Classes from Everywhere
Organized by language, this site lists universities that offer Open Courseware similar to MIT's program. Notre Dame, Michigan, even Oxford's Mathematical Institute let you learn, self-paced, without cost.

Teach Engineering
Standards-based engineering lessons and activities, searchable and sortable by age and discipline. Great for encouraging students to think and collaborate, with lists of materials needed and how long activities should take.

Alcumus
The Art of Problem Solving's free, challenging and slightly addictive math tutorial. What I like about this site is that you sign up and are given a math problem to solve. If you get it right, the program bumps you up to harder problems. Get it wrong, and you'll work through more problems until you understand the basics. You score points and can compete, see your rankings, and if a whole class does it the teacher can view class stats.

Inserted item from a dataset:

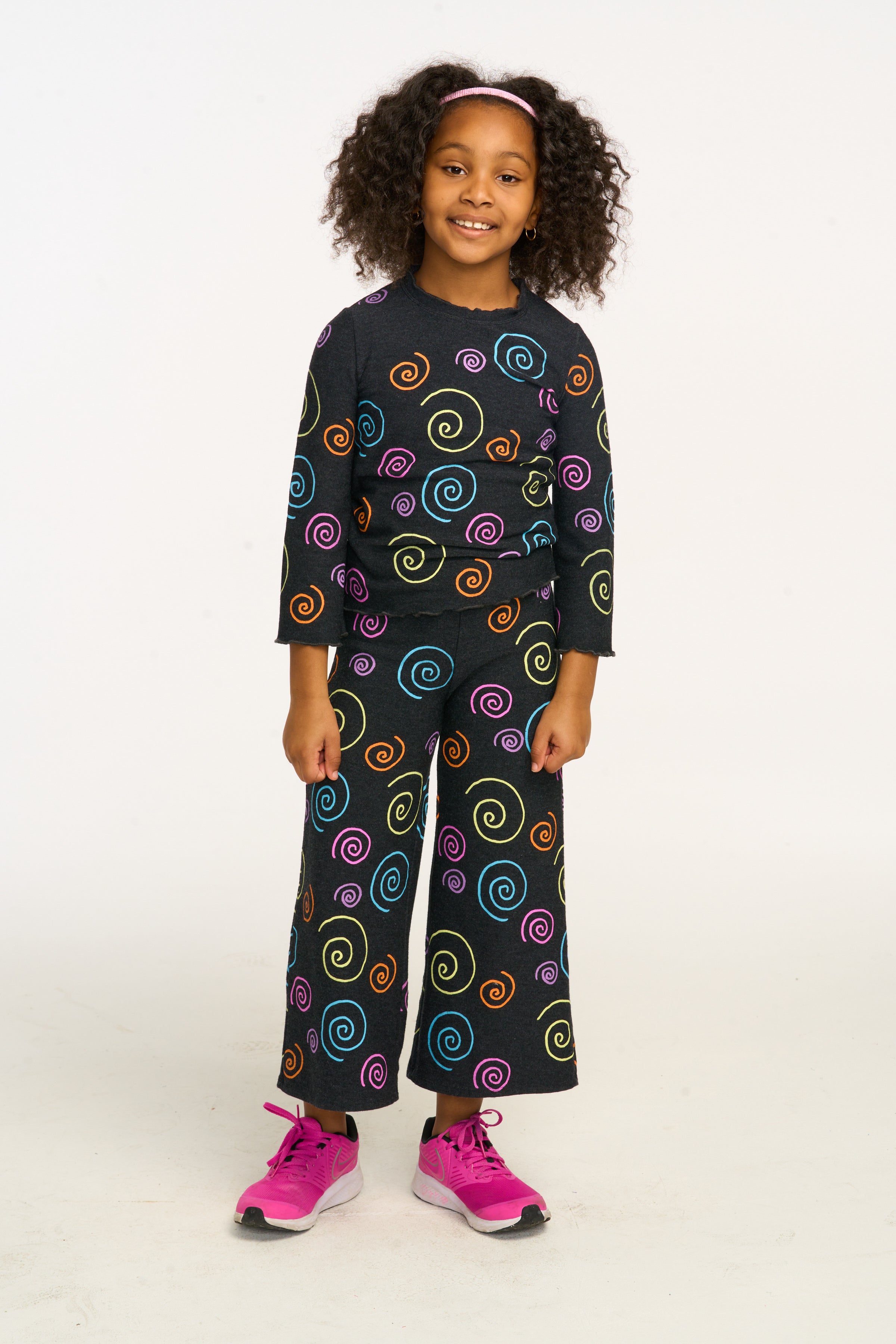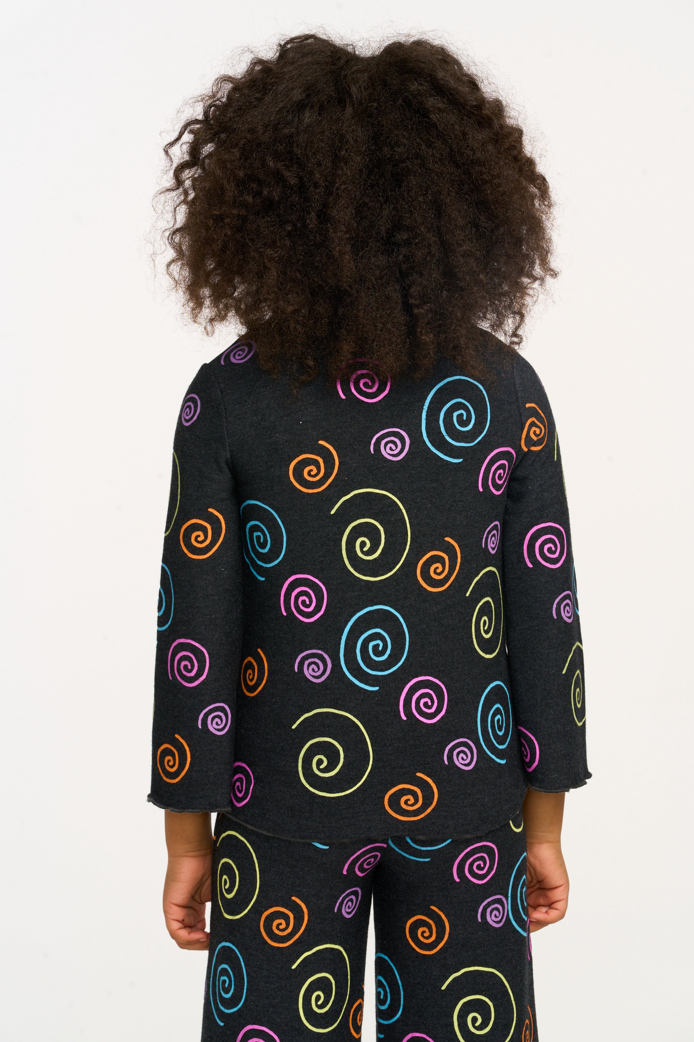 With an eye-catching all-over graphic of spirals in rainbow colors, this is sure to be a hit. Plus, it pairs perfectly with matching pants and boots - the PERFECT way to dress up the kiddo!
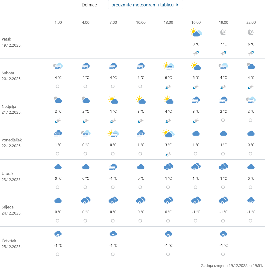 Pogledajte statistiku bijelih Božića u posljednje 64 godine i aktualnu prognozu 👇https://t.co/IqIYTguyQk pic.twitter.com/Y3YkZpyLyN— DHMZ (@DHMZ_HR) December 19, 2025

Many math disciplines treat subjects like silos, going deep into algebra or geometry but never mixing the two. An engineer might have an issue that requires algebra, geometry, logic and be open-ended; Alcumus comes up with problems that (in my opinion) more closely simulate the real world.

Engineering.com
I've spent my share of time playing pointless but fun online games. This link gets you to more point-full games that integrate physics concepts, mechanical knowledge, and oh, by the way, are just as easy to fritter away time on. The only difference is that you'll be sharpening your mind.

Amazing lectures from TED
I've so enjoyed learning obscure, wonderful things from TED, a nonprofit that has as its goal sharing ideas. They invite speakers who are inspiring, strange and informative. In the last few days I've watched the world-champion whistler, learned about bioluminescence and saw a mathemagician.

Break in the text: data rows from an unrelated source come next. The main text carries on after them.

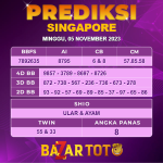 Prediksi SINGAPORE Hari Ini BAZARTOTO – Togel SINGAPORE Tutup jam 17:30 dan Pengumuman Keluaran jam 17:50. Prediksi Pasaran Selalu di Update Setiap Hari Setelah Keluaran dan jangan lupa periksa laman blog kami untuk prediksi lainnya. Prediksi Cambodia – Prediksi Sydney – Prediksi Hongkong – Prediksi Singapore – Prediksi China – Prediksi Taiwan.
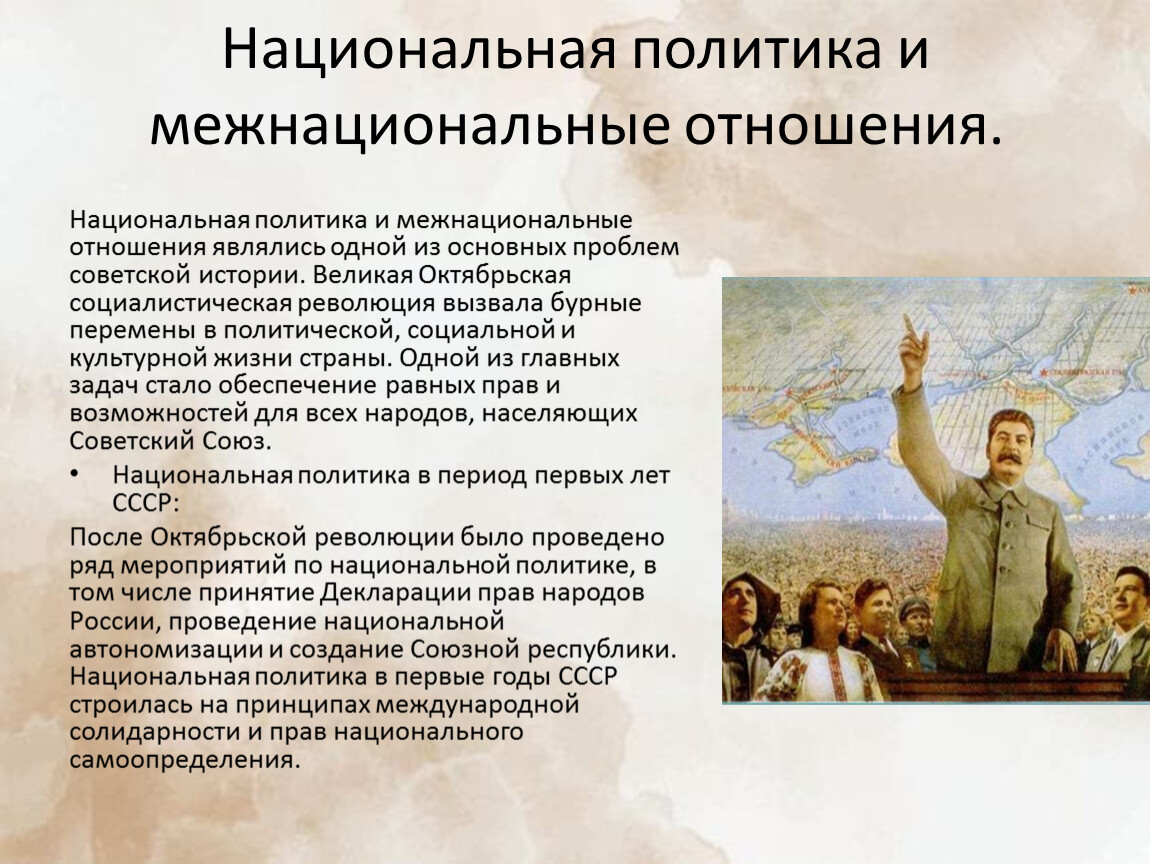 Национальная политика и межнациональные отношения являлись одной из основных проблем советской истории. Великая Октябрьская социалистическая революция вызвала бурные перемены в политической, социальной и культурной жизни страны. Одной из главных задач стало обеспечение равных прав и возможностей для всех народов, населяющих Советский Союз.
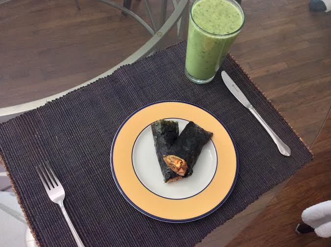 6. You are then ready to serve with a nice Green Smoothie of water, coconut milk, coconut oil, malunggay, bananas and either more greens like pechay or berries for sweetness.
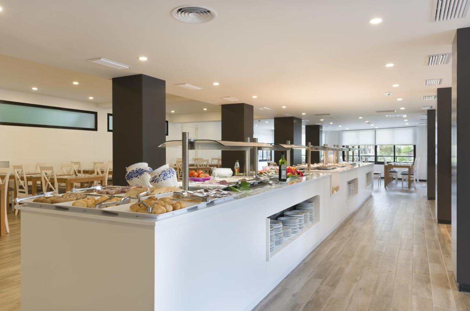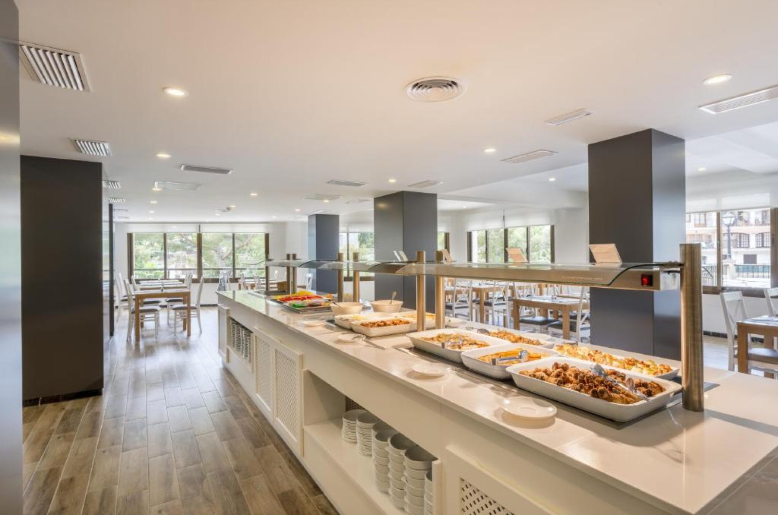 Există o sală de mese cu un bufet cuprinzător și un serviciu de bar in zona piscinei. Există o gamă largă de opțiuni de pensiune, de la pensiune și mic dejun pană la demipensiune, pe care le puteți contracta pentru un supliment zilnic suplimentar, ceea ce inseamnă că sunteți liber să alegeți ceea ce vi se potrivește cel mai bine.
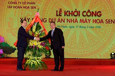 Phát biểu tại lễ khởi công, ông Lê Phước Vũ, Chủ tịch Tập đoàn Hoa Sen khẳng định: “Dự án Nhà máy Hoa Sen Hà Nam là một trong những dự án trọng điểm, nằm trong kế hoạch mở rộng sản xuất của Tập đoàn. Đây là một trong những chiến lược then chốt của Hoa Sen nhằm khẳng định vị thế ở thị trường nội địa, củng cố vững chắc thị trường ở các tỉnh phía Nam, tiến nhanh và mạnh ra thị trường khu vực miền Bắc”- ông Vũ nói.
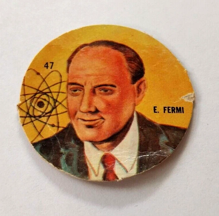 Please note: In order to be competitive and keep low shipping costs all orders under $25 will be shipped as unregistered / untracked international letter- 1966 Figuritas Crack-Campeón Argentina Historical Series Card Disc Pog #47- Enrico Fermi Creator of Nuclear Reactor. Super Rare and hard to find vintage card. Size approx: 40 millimeters/diameter. Cardboard material. In EX-NM condition, unstuck from album with some light creases, details and signs of wear, as pictured. Thank you for looking! Please visit my store for similar items!! BUENOS AIRES VINTAGE Actual pictures. Nice condition All items are shipped within 24 hours of payment. Registered mail with tracking number included! SAVE MONEY! WE DO COMBINED SHIPPINGS, PLEASE ASK! Ship worldwide from Buenos Aires, Argentina Protected and safe bubble wrapped package / envelope Buy with confidence! You may find many other collectibles in my store. If you got any question about this or another item, please feel free to contact me! AIR MAIL REGISTERED INSURED to LatinAmerica /USA Europe/Asia/Oceania (Service provided by Correo Argentino. Delivery takes from 12-25 days ) International Buyers Please Note: Import duties, taxes and charges are not included in the item price or shipping charges. These charges are the buyer's responsibility. We can't guarantee the transit time; sometimes the package may be delayed due to countries customs, transit stations, holiday, weather, strikes or other objective reasons, particularly during shipping peak periods. Non-Payment bidder / buyer will be reported to Ebay. Any doubt / question please contact us. Thank you for visit! IF YOU HAVE ANY ISSUES REGARDING THIS TRANSACTION WE ARE WILLING TO SOLVE ANY PROBLEM WITH OUR CUSTOMERS. PLEASE CONTACT US BEFORE LEAVING NEGATIVE FEEDBACK.
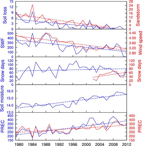 耦合模式模拟的土壤损失量、积雪日数、土壤湿度及来自驱动数据的年累积降水(PREC)、大风次数(SWF)年变化趋势(蓝线)与观测的沙尘暴发生次数、平均风速、积雪天数和降水的变化趋势(红线)

That's probably enough for now. I've got tons more, if anyone wants particular help finding math vs. engineering vs. something else, let me know!

Wednesday, March 2, 2011

Designing Packaging

Test your packaging acumen - out of these solid shapes, given a volume of 12 ounces, which would use the least packaging?
Yesterday I gave the class a taste of packaging engineering. It made sense since we just finished a materials science unit with a focus on properties - the kind of stuff that wraps and protects the things we buy and use is vital!

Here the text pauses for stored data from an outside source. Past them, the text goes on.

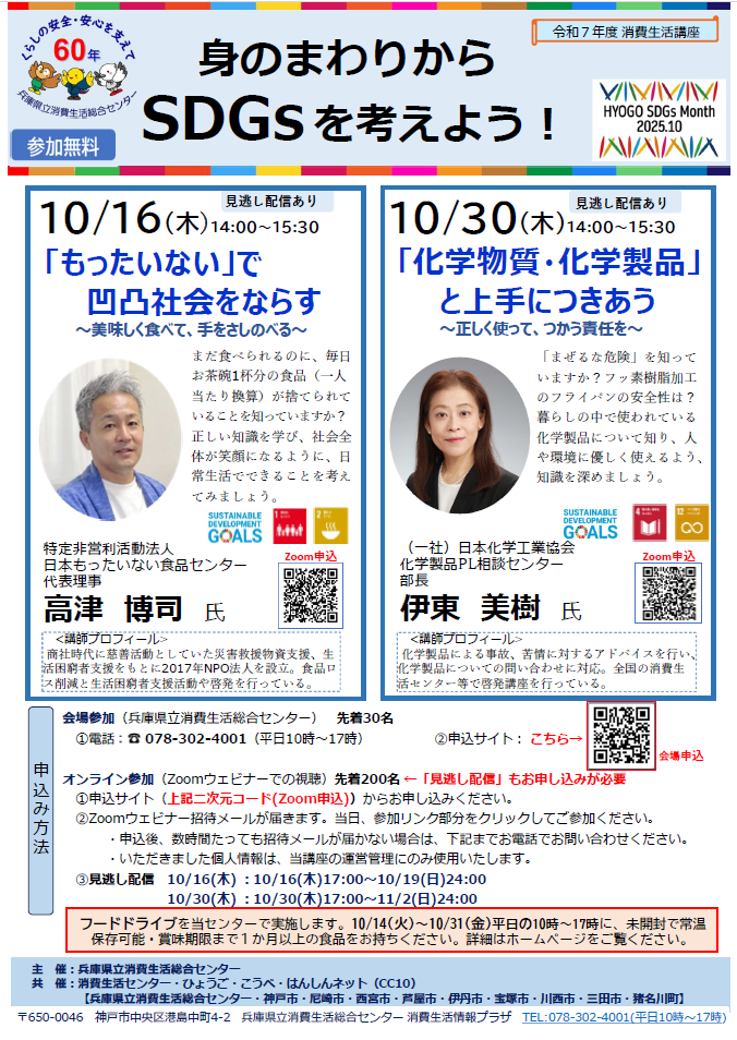 会場参加の申し込み・お問い合わせは兵庫県立消費生活総合センター 消費生活情報プラザまで。
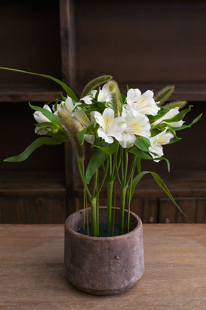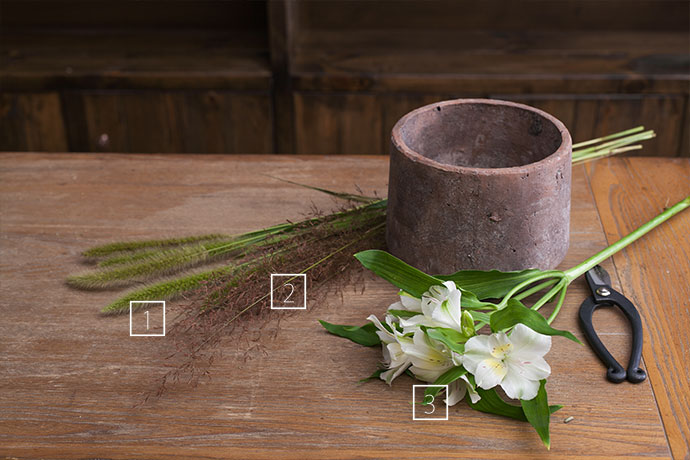 再依次将狗尾草和小燕麦插入水仙百合的四周,使其散落的分布。
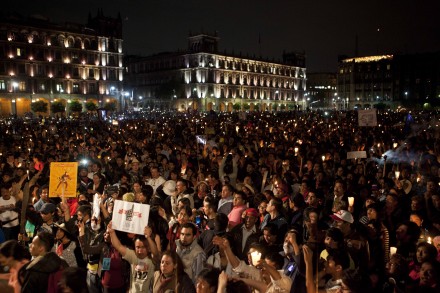 MÉXICO, D.F. (apro).- Miles de integrantes del movimiento #YoSoy132 llegaron esta noche al Zócalo capitalino con veladoras y antorchas luego de partir de Tlatelolco y pasar por Televisa Chapultepec.
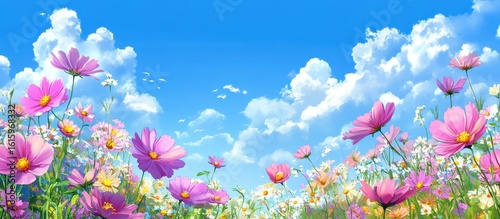 © mdhimel, Obraz premium Spring Wildflower Meadow with Vibrant Cosmos Blooms under Bright Sunlight
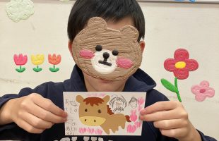 年賀状を作りました✨メッセージ、お花やにんじんのイラストを描いたりお馬さんの顔…
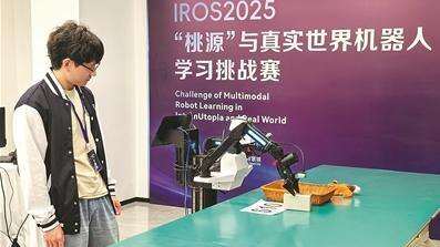在操作区,机器人正小心翼翼地夹起一串葡萄,精准投入篮中;在导航区,另一台机器人自如穿行,从客厅走到厨房……两个场景背后,正是14支具身智能队伍在激烈角逐。10月19日在钱塘智慧城的杭州智能机器人产业园,IROS 2025“桃源”与真实世界机器人学习挑战赛线下总决赛举行。这场聚焦“仿真到现实”的科技赛事,正为人工智能融入实体场景写下生动注脚。
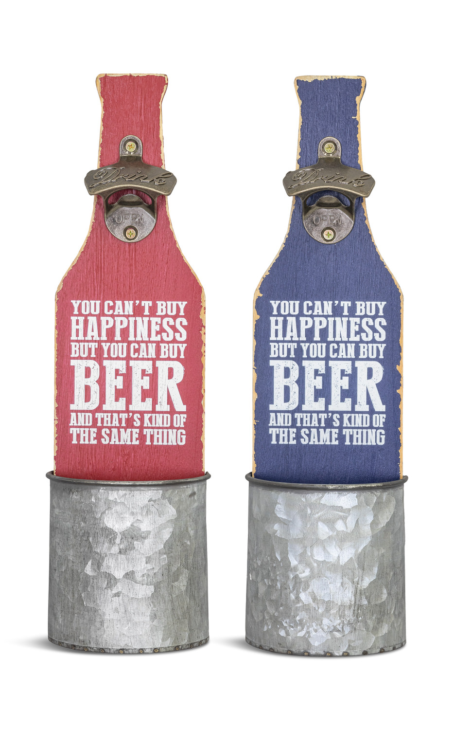There are two colors for you to choose from, red and navy blue! The bottle shape is made of wood and colored with oil paint and chipped paint on the edges to make a rustic look. It has a metal bottle cap opener and a rustic bucket basket to collect all beer caps! They would make a great gift for any beer lover! Each sold separately.

Packaging engineers must be able to successfully integrate industrial or chemical engineering and work with a team of marketers, designers and financial types. Choosing the proper material, labeling it with the right colors, transporting it safely, while protecting the food or consumer goods inside is a complex task.

Take fast-food soda cups for instance. I'm a forgetful type, so when I've got that large drink of lemonade in my cupholder I'll often leave it there for, um, let's say a few days. The same cup that nicely brought lovely cold lemonade to my lips has, after 72 hours or so, begun leaking out of the bottom seam and depositing unlovely sticky lemon syrup in my cupholder. Why didn't the quick serve eatery make a better takeaway cup? Why not plastic instead of waxy paper?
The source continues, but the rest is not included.